Il Dogo de Bordeaux è il nobile gigante del mondo canino che unisce una forza straordinaria a un cuore d’oro. Dietro la sua imponente stazza da gladiatore e le caratteristiche rughe che ne solcano il volto, si nasconde infatti uno dei compagni più fedeli, equilibrati e protettivi che una famiglia possa desiderare. Le origini di questo molossoide si perdono nella storia della Francia, dove per secoli è stato impiegato come cane da guardia, da caccia alla grossa selvaggina e persino nei combattimenti. Sopravvissuta a due guerre mondiali che ne hanno rischiato l’estinzione, la razza ha saputo reinventarsi. Oggi il Dogo de Bordeaux è celebrato a livello internazionale come un eccellente difensore della casa e un amorevole protettore dei bambini, verso i quali dimostra una pazienza infinita. Dal punto di vista morfologico, il Dogo si distingue per la sua struttura massiccia, il petto ampio e la testa imponente, considerata una delle più grandi nel panorama canino in rapporto al corpo. Il pelo è corto e morbido, caratterizzato dalle tipiche sfumature del fulvo. Tuttavia, l’aspetto più sorprendente di questo gigante è il contrasto tra la potenza muscolare e una spiccata sensibilità emotiva: soffre la solitudine e cerca costantemente il contatto fisico con il proprio nucleo familiare.

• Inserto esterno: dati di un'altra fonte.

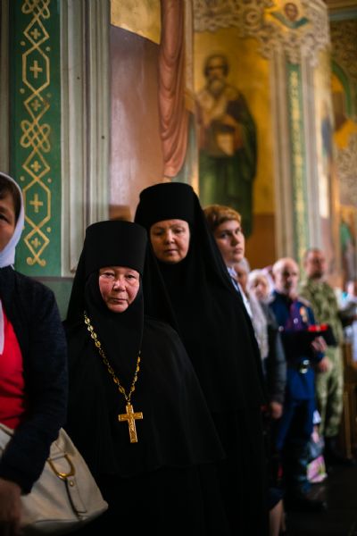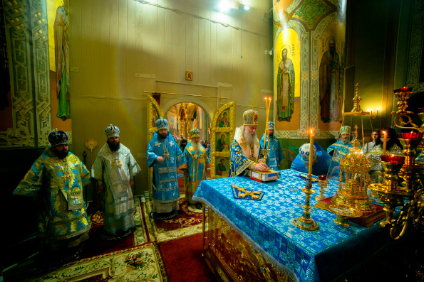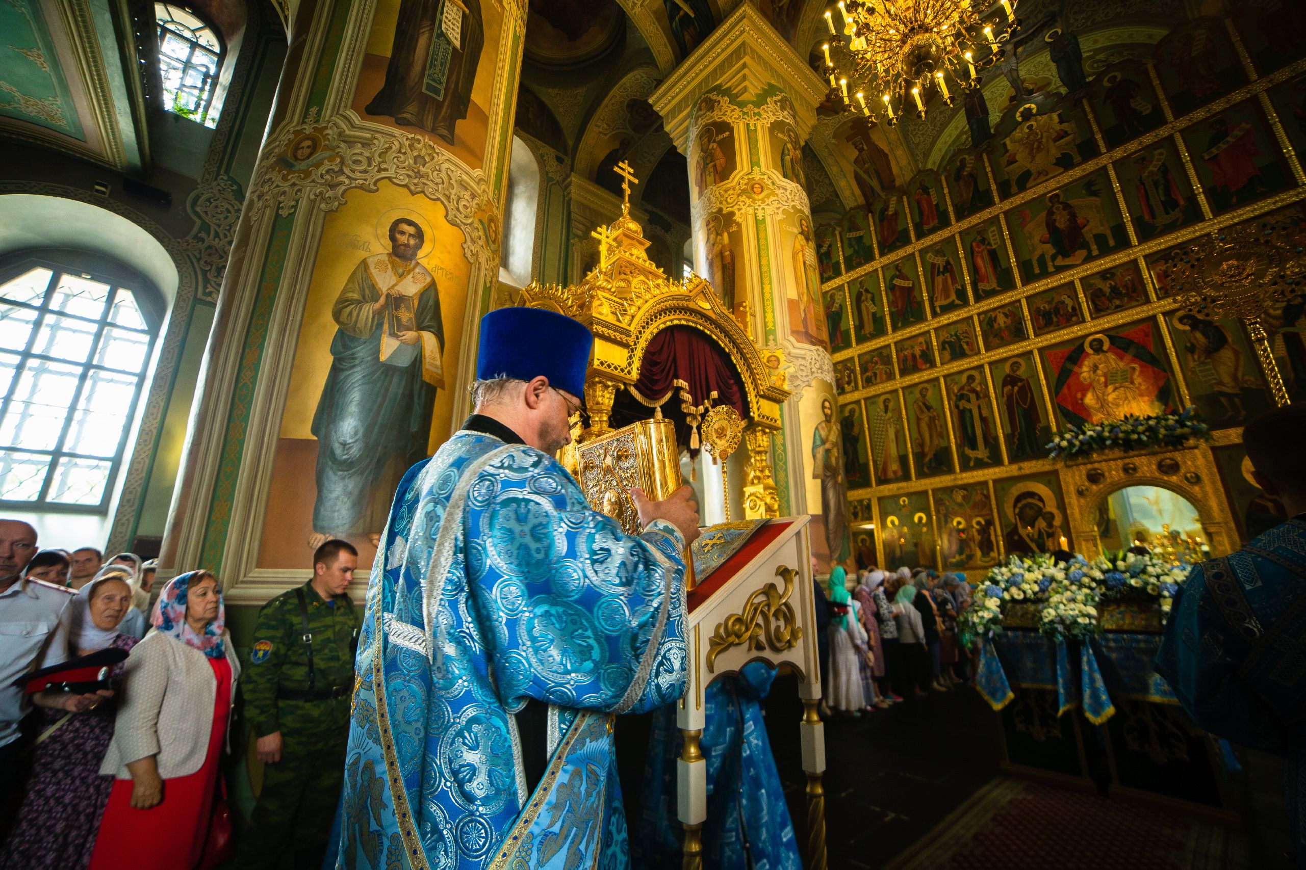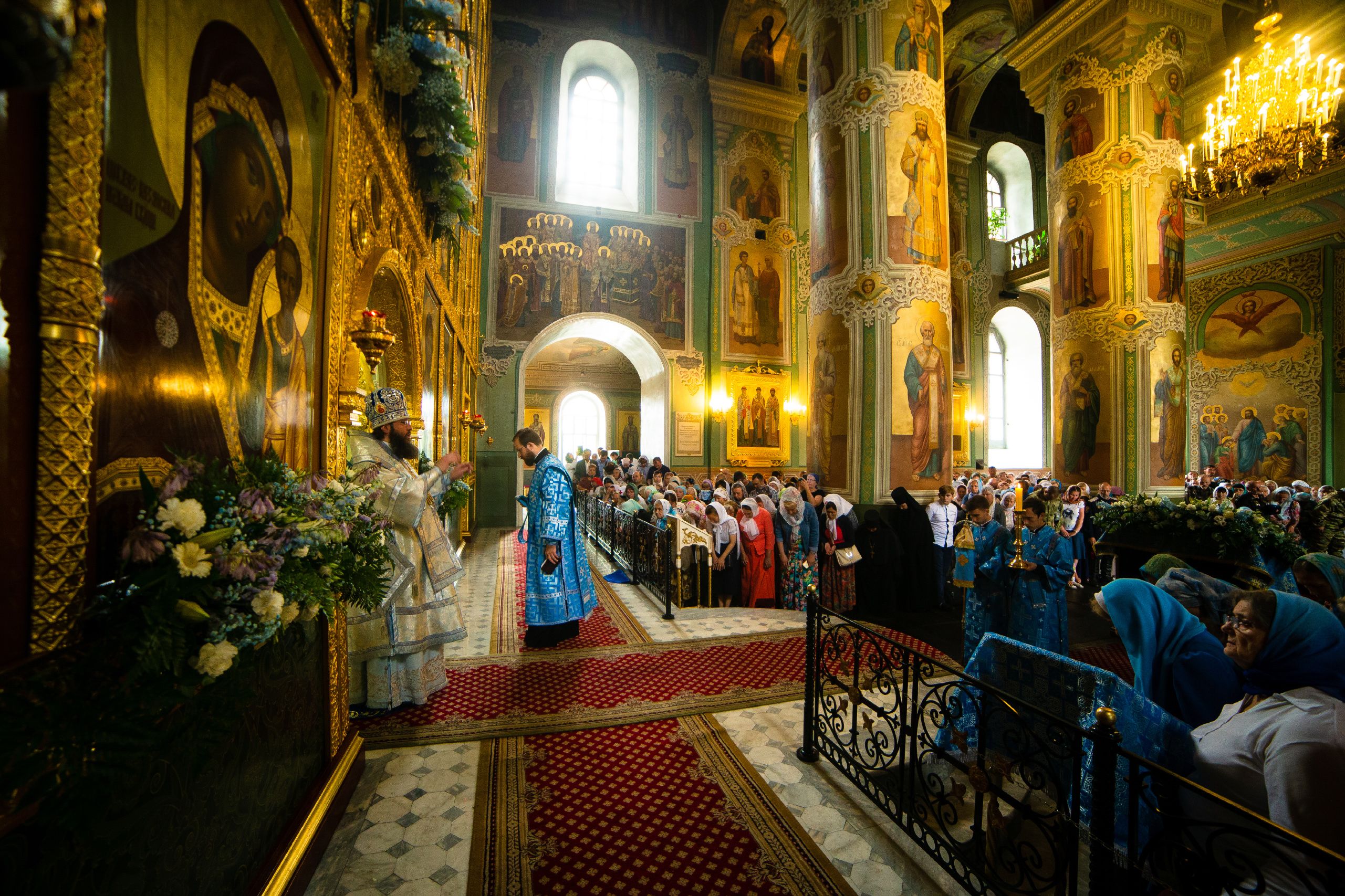 Литургию возглавили митрополит Казанский и Татарстанский Феофан, митрополит Челябинский и Миасский Григорий, председатель Синодального отдела по монастырям и монашеству архиепископ Каширский Феогност, епископ Магнитогорский и Верхнеуральский Иннокентий, епископ Альметьевский и Бугульминский Мефодий, епископ Чистопольский и Нижнекамский Игнатий.

Non si tratta di un cane per tutti. La sua mole richiede una gestione ferma ma dolce fin dai primi mesi di vita, evitando metodi coercitivi che potrebbero comprometterne l’equilibrio psichico. Come molte razze di taglia grande, ha un’aspettativa di vita media di circa 7-9 anni ed è predisposto a patologie come la torsione dello stomaco e la displasia dell’anca. Accogliere un Dogo de Bordeaux significa quindi impegnarsi a garantirgli spazio, tempo e cure adeguate.